CSC413 Neural Networks and Deep Learning

Lecture 7

Lecture Plan

CNN Feature Visualization and Interpretation
Transfer Learning
Adversarial Examples
Influence Functions

CNN Review

Example CNN: AlexNet

import torchvision.models
alexNet = torchvision.models.alexnet(pretrained=False)

Convolutional Features

Receptive Fields

Because of downsampling (pooling and use of strides), higher-layer filters “cover” a larger region of the input than equal-sized filters in the lower layers.

Transfer Learning

Transfer Learning is the idea of using weights/features trained on one task, and using it on another task.

We already saw the idea of transfer learning in project 2:

Train a model to predict the next work given the previous three
Use the weights to determine word similarities

Transfer Learning with CNN

Practioners rarely train a CNN “from scratch”. Instead we could:

Take a pre-trained CNN model (e.g.
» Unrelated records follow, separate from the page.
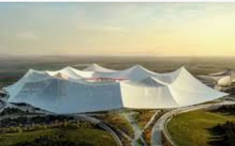 Een van de ontwerpen van het stadion komt van het lokale architectenbureau Oualalou. Het stadion stelt een gigantische tent voor waar straks 113.000 toeschouwers kunnen zitten. Dat wordt volgens verschillende bronnen het grootste stadion van Afrika en het tweede in de wereld.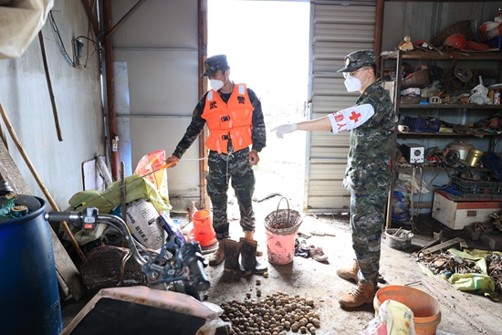8月9日开始,吉林省舒兰市开原镇珠琦河水位逐渐回落,村民陆续返回家中。洪水过后,受灾群众家中一片狼藉,官兵们看在眼里急在心头。他们顶着高温逐家逐户清理淤泥,村民们心疼地劝他们休息一会儿,武警吉林支队机动大队大队长程强微笑着指了指臂膀上“党员先锋队”的红袖标,继续忙碌起来。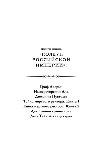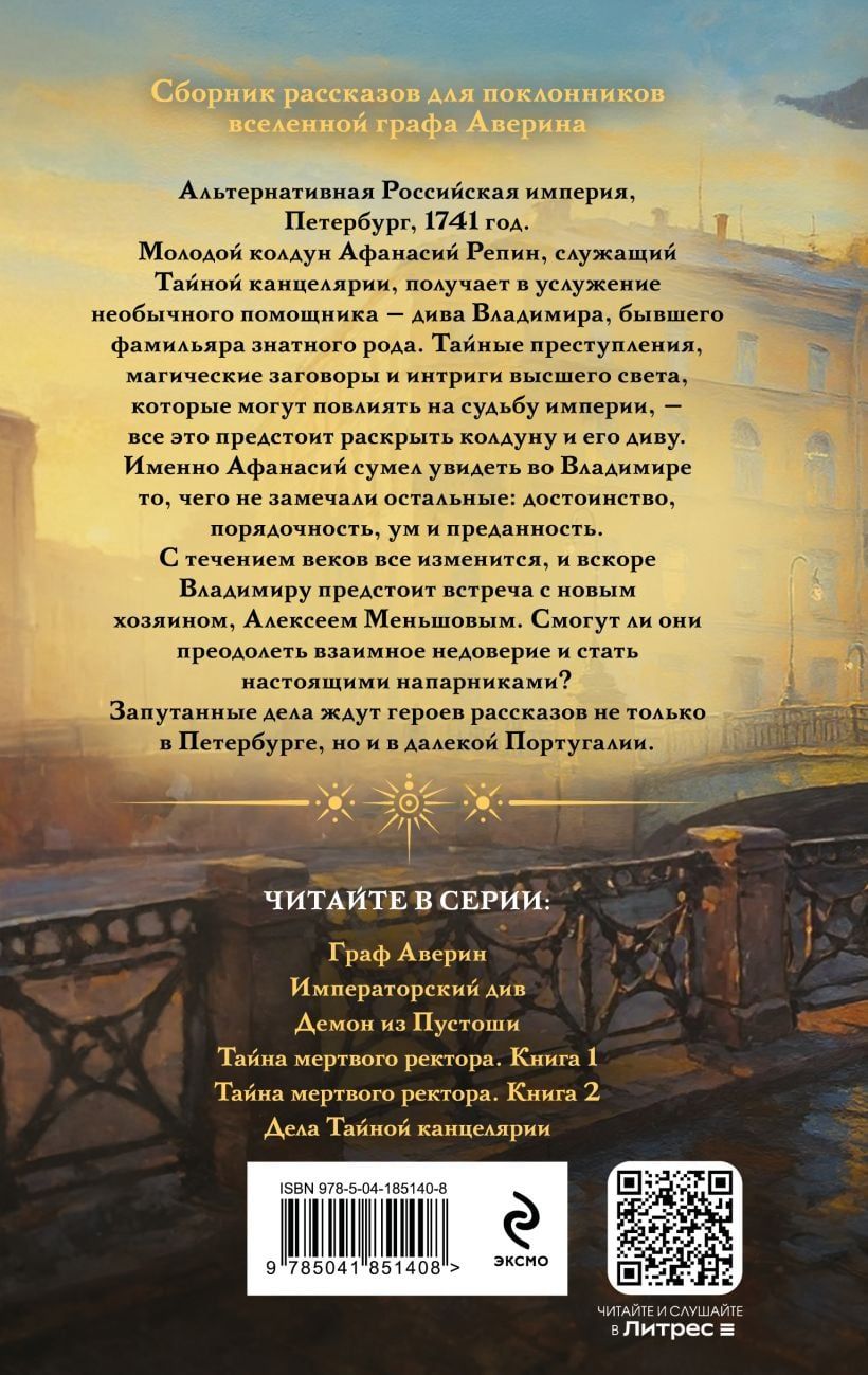 The young sorcerer Afanasy Repin, an employee of the Secret Chancellery, receives an unusual assistant—the diva Vladimir, a former familiar of a noble family. Secret crimes, magical conspiracies, and high-society intrigues that could affect the fate of the empire—all this awaits the sorcerer and his diva. It was Afanasy who saw in Vladimir what others overlooked: dignity, integrity, intelligence, and loyalty.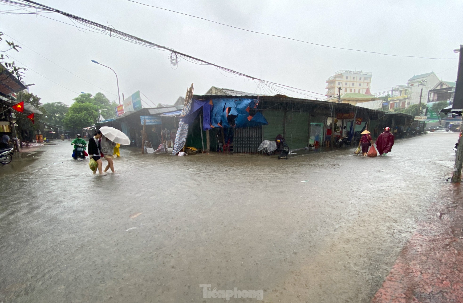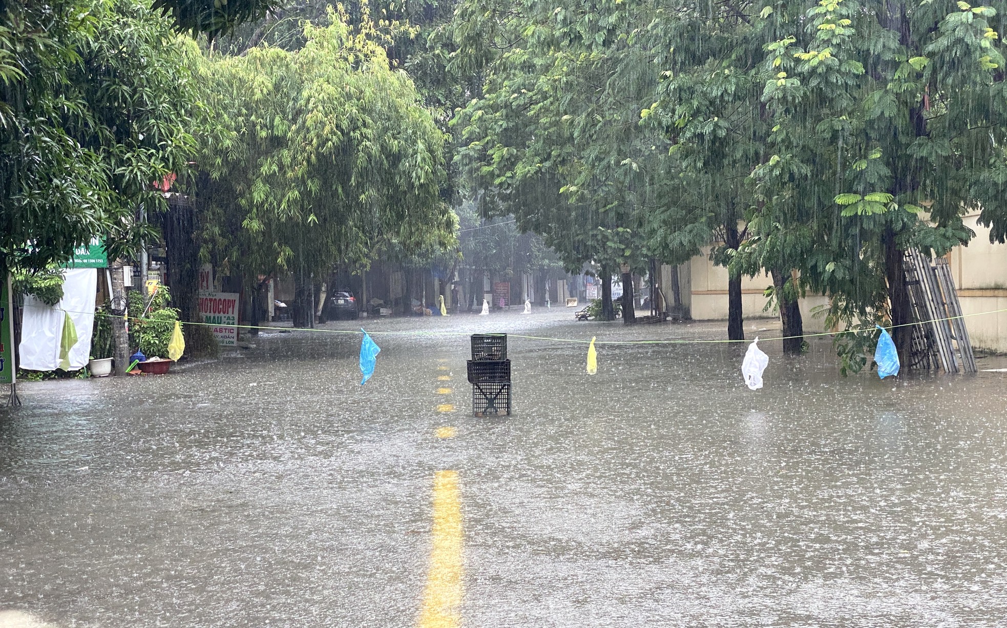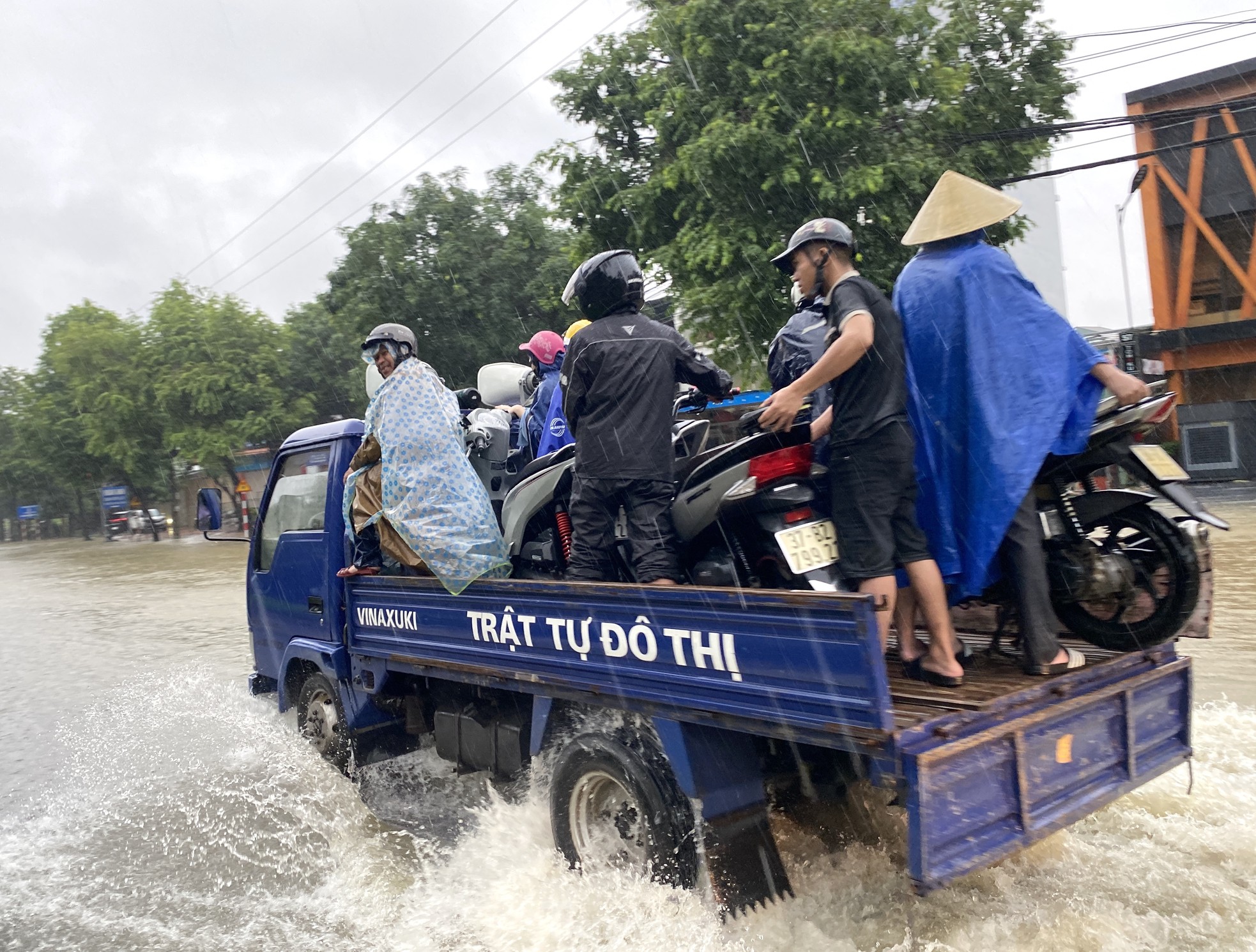 23/09/2024 21:07Đường ngập sâu, dân bì bõm mang thùng xốp làm thuyền kéo đồ trên phố

AlexNet), and use its features network to compute image features, which we then use to classify our own images
Initialize our weights using the weights of a pre-trained CNN model (e.g. AlexNet)

Transfer Learning with CNN

What we want you to know:

How do we interpret CNN figures?
How were these architectures different from the previous?
What new idea was introduced?

AlexNet (2012)

import torchvision.models
alexNet = torchvision.models.alexnet(pretrained=False)

VGG (2014)

# There are many VGG versions
vgg16 = torchvision.models.vgg.vgg16(pretrained=False)
vgg19 = torchvision.models.vgg.vgg19(pretrained=False)
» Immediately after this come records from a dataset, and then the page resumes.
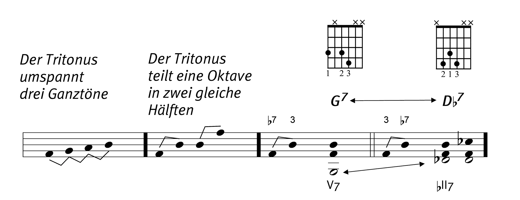 Der in der Dur-Tonleiter so wichtige Dominant-Septakkord − in C-Dur ist das G7 − besteht in seiner Basis-Version aus dem Grundton G, der Terz (3) B, und der kleinen Septime (b7) F. Das Gehör kann ohne Grundton beim Tritonus nicht unterscheiden, ob die kleine Septime oder die Terz oben oder unten ist.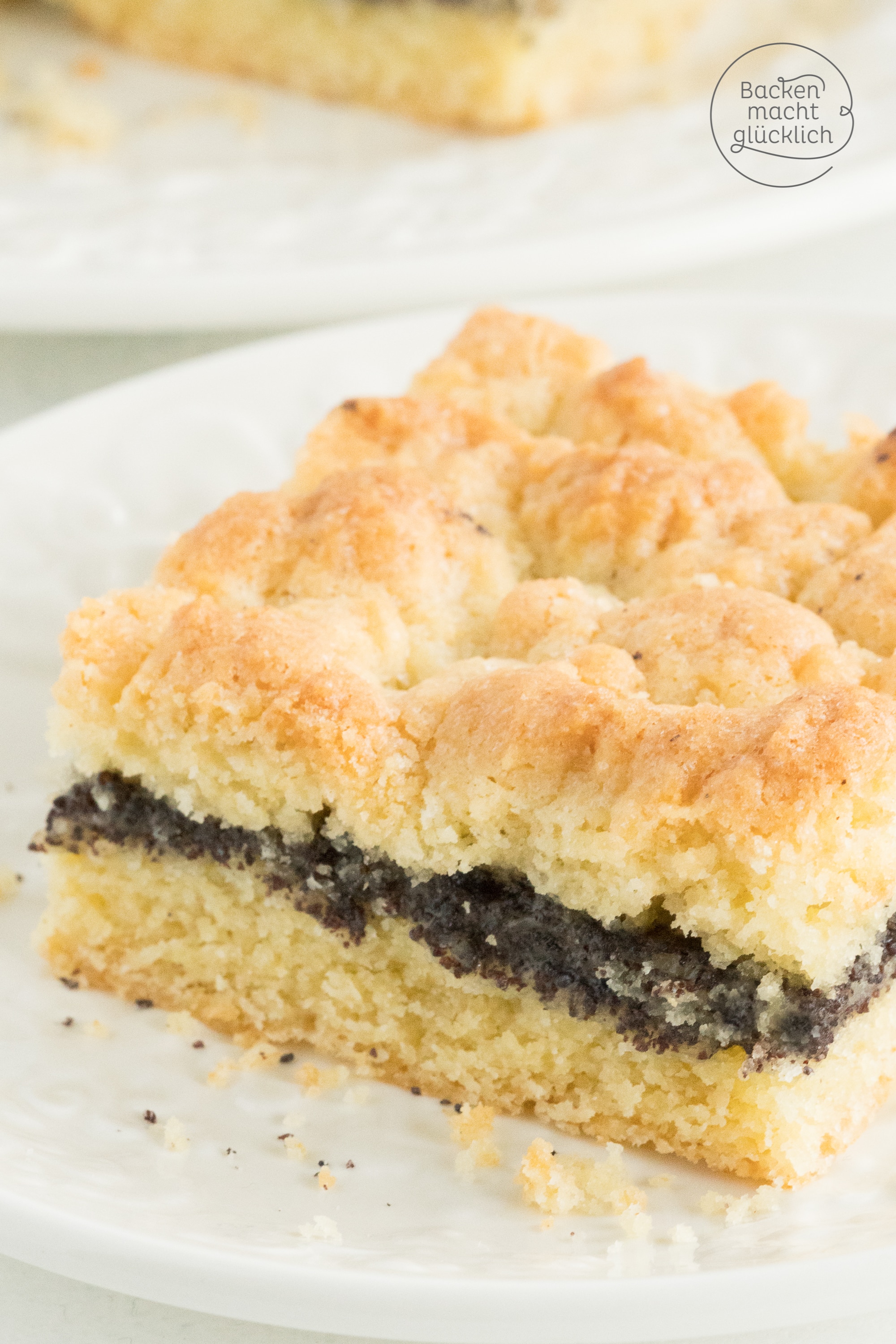 Köstlicher Mohnkuchen vom Blech: Dieser saftige Mohnkuchen mit Streuseln und Pudding ist durch den Knetteig schnell gemacht - und kommt immer gut an!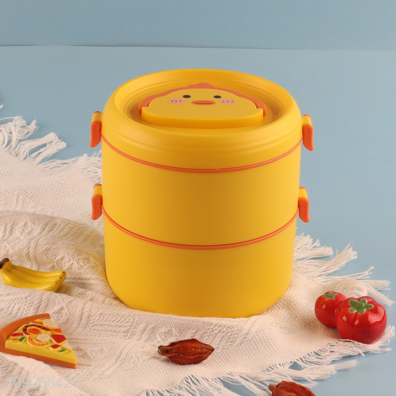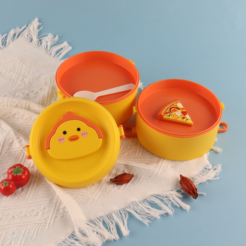 Wholesale 2-Layer Portable Round Cute Plastic Lunch Box with Spork for Kids

What is new in VGG (compared to AlexNet)?

VGG uses very small receptive fields (\(3 \times 3\) instead of \(11 \times 11\))
VGG incorporates \(1 \times 1\) convolutional layers (why?)

What is new in VGG (compared to AlexNet)?

FC layers can be expressed as CONV layers and vice versa
E.g. FC layer with 4096 output units looking at an input volume of 7 x 7 x 512 is equivalent to a CONV layer with kernel size 7, stride 1, and 4096 filters.
See https://cs231n.github.io/convolutional-networks/.

One More Idea…

Most of these networks have fully connected layers at the very end.

Pro: Fully connected layers computes features on the entire image
Con: what if we wanted to work with images of various sizes?

One More Idea…

Idea: instead of fully connected layers, we could…

Use a convolution layer with the same kernel size as hidden unit size and no padding
Use global average-pooling

This is more frequently done on pixel-wise prediction problems, which we’ll see later in this course.

Interpreting CNNs

How do CNNs Work?

Convolutional neural networks are successful, but how do we know that the network has learned useful patterns from the training set?

Interpretation of deep learning models is a challenge, but there are some tricks we can use to interpret CNN models

Weight Visualization

Recall: we can understand what first-layer features in a MLP are doing by visualizing the weight matrices (left)

We can do the same thing with convolutional networks (right)

But what about higher-level features?

Feature Visualization

One approach: pick the images in the training set which activate a unit most strongly.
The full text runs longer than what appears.